Alasdair Wilkins of The A.V. Club gave the episode an "A" grade and wrote, "More than that, as this episode illustrates, there's only the flimsiest of differences between the trash and the snake, at least when it comes to Harlan's criminal elements. After all, when Boyd is what passes for the small fry in this metaphor, there are no small fries. And Raylan is liable to get bit no matter what he does." Kevin Fitzpatrick of Screen Crush wrote, "It's a nice bit of wild card menace that neatly compliments Sam Elliott's more reserved brand of villainy, and both let just the right amount of cards show to promise some hefty confrontations in the weeks to come. Good thing, considering how far the final season seems willing to stretch Ava's anxiety over feeding information to Raylan, and the need for an imminent turn. So too could Raylan use a bit of reflection on his own arc across the first few episodes of the season, but good golly, if Justified was figuratively, and literally on fire with its most exciting final season hour yet."

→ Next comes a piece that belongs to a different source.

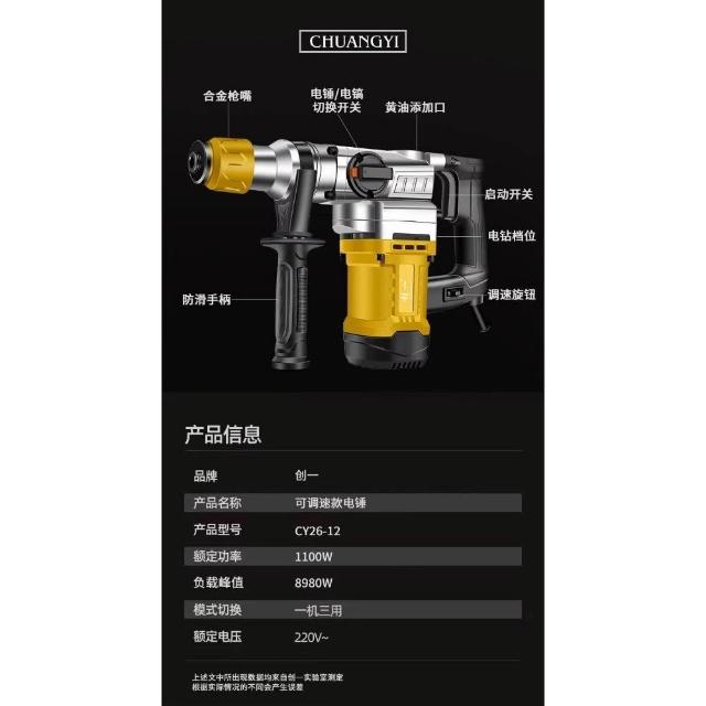 創一多功能電錘電鎬衝擊鑽大功率混凝土電動工具家用電鑽輕型方柄

Alan Sepinwall of HitFix wrote, "With 'The Trash and the Snake', I'm tempted to bust out the old dayenu gimmick and be done with it, because this episode was overflowing with moments and character interactions that on their own would have been enough to make a memorable episode. This one was so much fun – so full of all the people, things and events that have made Justified such a blast for so long – that it feels like it went past the legal limits for entertainment on a Tuesday night. Or, it did until Avery Markham and his people pay enough money to get an episode this good legalized right along with marijuana in the fine state of Kentucky." Jeff Stone of IndieWire gave the episode an "A−" grade and wrote, "Joelle Carter's been doing great work this season, and her scenes with Katherine and Boyd this episode particularly stand out. Her shift from fake joy to genuine tears as Boyd pitches the idea of stealing not just Markham's money, but his plans for Harlan, is fantastic. With Ava, Boyd, Raylan, Katherine, and Markham all at odds, there’s no ceiling on how high this season can climb."

Kyle Fowle of Entertainment Weekly wrote, "Justified has always done a wonderful job balancing it's gritty noir and Western tendencies with a solid dose of humor. The best episodes of the show are often funny and thrilling all at once. 'The Trash And The Snake' is one of those episodes. It boasts a handful of intense scenes that see characters backed into corners, but also adds levity when needed." Matt Zoller Seitz of Vulture gave the episode a perfect 5 star rating out of 5 and wrote, "Justified isn't ordinarily the sort of show to hand you a theme on a platter, but we're deep into the final season now, and things are getting deeper and darker by the week, so it makes sense that the series would want to frame its endgame."

James Queally of Los Angeles Times wrote, "While the episode had a ton of solid character moments for Raylan, Boyd, Ava and their intertwined arcs, it was also the first installment of the season to try and give equal weight to all three stories, creating something of a crowded and oddly placed episode." Sean McKenna of TV Fanatic gave the episode a 4 star rating out of 5 and wrote, "Justified, even if things aren't moving at break-neck pace, finds a way to be entertaining, including with its massive collection of characters. A little more clarity was revealed to Avery's plan, but I feel like the coils of tension are about to be released and that downward slide towards the finish is about to begin." Jack McKinney of Paste gave the episode a 9.3 out of 10 and wrote, "So much happened so fast this week that I'm still trying to process it all. As we arrive at roughly the one third mark of the season, it appears that the writers have suddenly realized how little time they actually have left, and are in a rush to get it all in. If it's all this good, that's fine by me."